→ Problem statement:
In the material below, find the line with "Der Dining Chair" and the line with "由於火勢迅速往周邊延燒,波及", then output both and every line between them exactly, omitting pictures.

→ Supplied records:
○ ○ ○ ○ ○ ○ ○

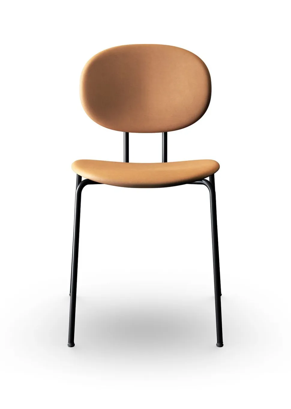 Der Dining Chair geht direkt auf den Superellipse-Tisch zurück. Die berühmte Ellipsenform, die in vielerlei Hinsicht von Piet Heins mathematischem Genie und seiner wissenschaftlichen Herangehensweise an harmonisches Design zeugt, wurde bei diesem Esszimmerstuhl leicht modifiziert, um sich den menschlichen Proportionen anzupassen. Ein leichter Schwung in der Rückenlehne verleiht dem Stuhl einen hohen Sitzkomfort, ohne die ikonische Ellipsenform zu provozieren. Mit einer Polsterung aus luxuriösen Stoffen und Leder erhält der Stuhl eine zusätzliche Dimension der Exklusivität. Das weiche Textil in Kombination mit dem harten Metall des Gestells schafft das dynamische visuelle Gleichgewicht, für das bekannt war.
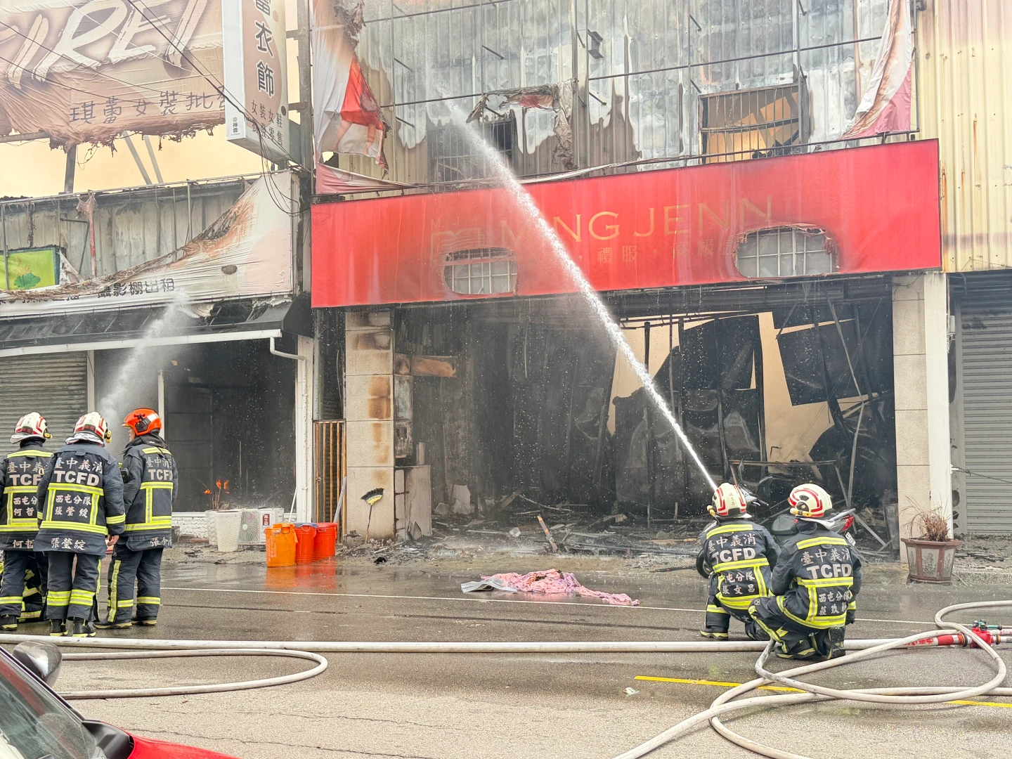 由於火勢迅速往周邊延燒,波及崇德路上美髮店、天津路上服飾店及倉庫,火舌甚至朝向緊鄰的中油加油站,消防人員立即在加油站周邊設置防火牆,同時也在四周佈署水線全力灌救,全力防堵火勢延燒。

○ ○ ○ ○ ○ ○ ○

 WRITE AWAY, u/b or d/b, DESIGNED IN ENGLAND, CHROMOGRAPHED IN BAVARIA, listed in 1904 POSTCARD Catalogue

○ ○ ○ ○ ○ ○ ○

→ Finished task:
 Der Dining Chair geht direkt auf den Superellipse-Tisch zurück. Die berühmte Ellipsenform, die in vielerlei Hinsicht von Piet Heins mathematischem Genie und seiner wissenschaftlichen Herangehensweise an harmonisches Design zeugt, wurde bei diesem Esszimmerstuhl leicht modifiziert, um sich den menschlichen Proportionen anzupassen. Ein leichter Schwung in der Rückenlehne verleiht dem Stuhl einen hohen Sitzkomfort, ohne die ikonische Ellipsenform zu provozieren. Mit einer Polsterung aus luxuriösen Stoffen und Leder erhält der Stuhl eine zusätzliche Dimension der Exklusivität. Das weiche Textil in Kombination mit dem harten Metall des Gestells schafft das dynamische visuelle Gleichgewicht, für das bekannt war.
 由於火勢迅速往周邊延燒,波及崇德路上美髮店、天津路上服飾店及倉庫,火舌甚至朝向緊鄰的中油加油站,消防人員立即在加油站周邊設置防火牆,同時也在四周佈署水線全力灌救,全力防堵火勢延燒。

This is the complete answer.